I am interested in deploying ES, but I have a couple of questions
about the Gateway module that I couldn't answer with the current
documentation. First a bit of background, the site has a persistent
store in a traditional RDBMs, and the idea is to also send the
information to ES for searching.
Having already all the information for batch recovery in a DB, and
given the reasonable stability of the data center, I am considering
not replicating even once more the information in a Gateway (DB + ES
Lucene + ES Gateway). For example if the site goes totally down, and
then comes back, I can live with some inconsistent indices (meaning
some values are in one Lucene replica but not in another one, not a
corrupted index of course) but mostly everything would be ok (if you
hit one server you'll see a couple of results more than the next one,
but nothing serious in my case). What would be a problem in my case is
that in the name of consistency the recovery takes more than a couple
of minutes or the whole cluster gets blocked waiting for some shard/
index in a server that is still missing for whatever reason. Later
without the live site downtime pressure I would run a batch full
indexing, using aliases so it won't disrupt traffic.

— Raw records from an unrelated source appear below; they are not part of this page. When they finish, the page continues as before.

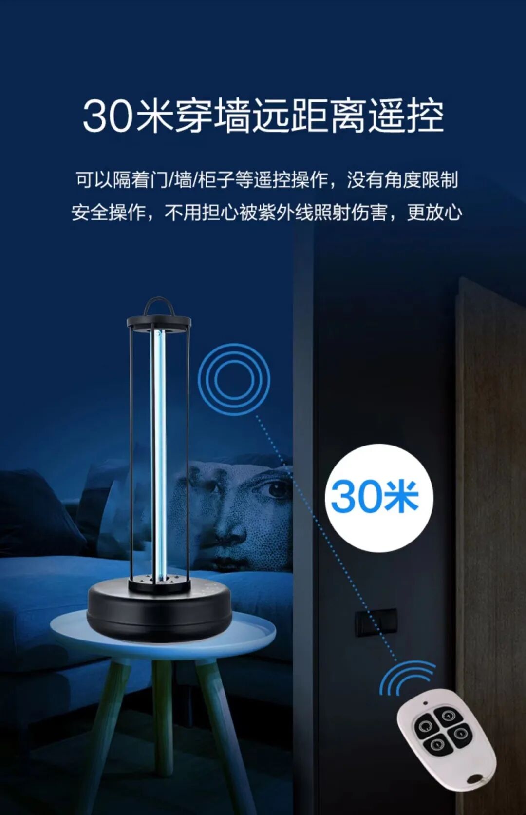 人体是不能长时间暴露在紫外线之下的,大峥的这款消毒灯搭配上了30m远距离遥控,隔着墙、门、柜子等都可以开启,不用担心紫外线辐射的危害。还可以按下按键后倒计时10秒启动,给你足够的安全空间。团购时间 12月27日(周二)-12月29日(周四)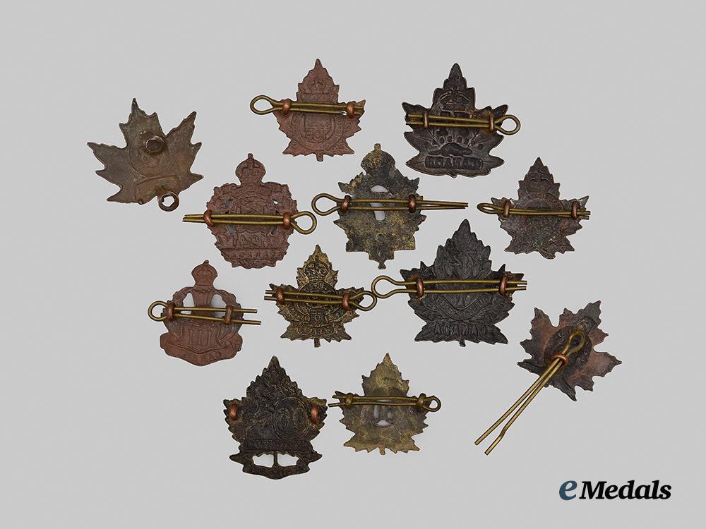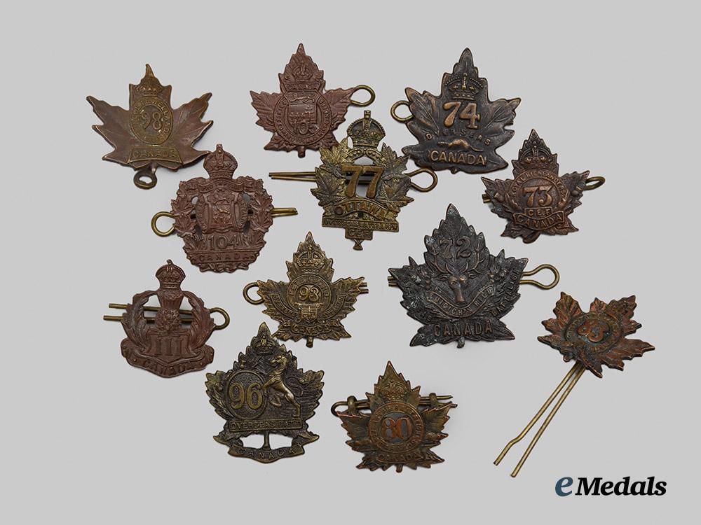 12. 111th Infantry Battalion "South Waterloo Battalion" Collar Badge: in browning copper, voided, unmarked, measuring 24.5 mm (w) x 31 mm (h), both lugs and pin intact.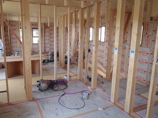 ☆先週の工事☆ 木工事(軒天ケイカル板、壁断熱材入れ、天井下地組み、 天井ボード貼り、2階床下地ボード、他) 外壁工事(サイディング下地、サイディング貼り) ☆今週の予定工事☆ 木工事(2階床下地ボード・フローリング貼り、1階天井下地 組み、他) 外壁工事(サイディング下地、サイディング貼り)

The point of this is instead of paying an everyday price of
replication I'd pay a bit of inconsistency plus a batch full indexing
just in the case of a full cluster failure.
So, the question is, if I disable the Gateway, and a full cluster fail
happens, is it possible for ES to come back with it's local index
information (probably the cluster meta-data too) but without reloading
everything from snapshots+translog? If yes, what are the configuration
options to enable?
This is getting too long, I know, sorry for that.
Thanks a lot for all the hard work,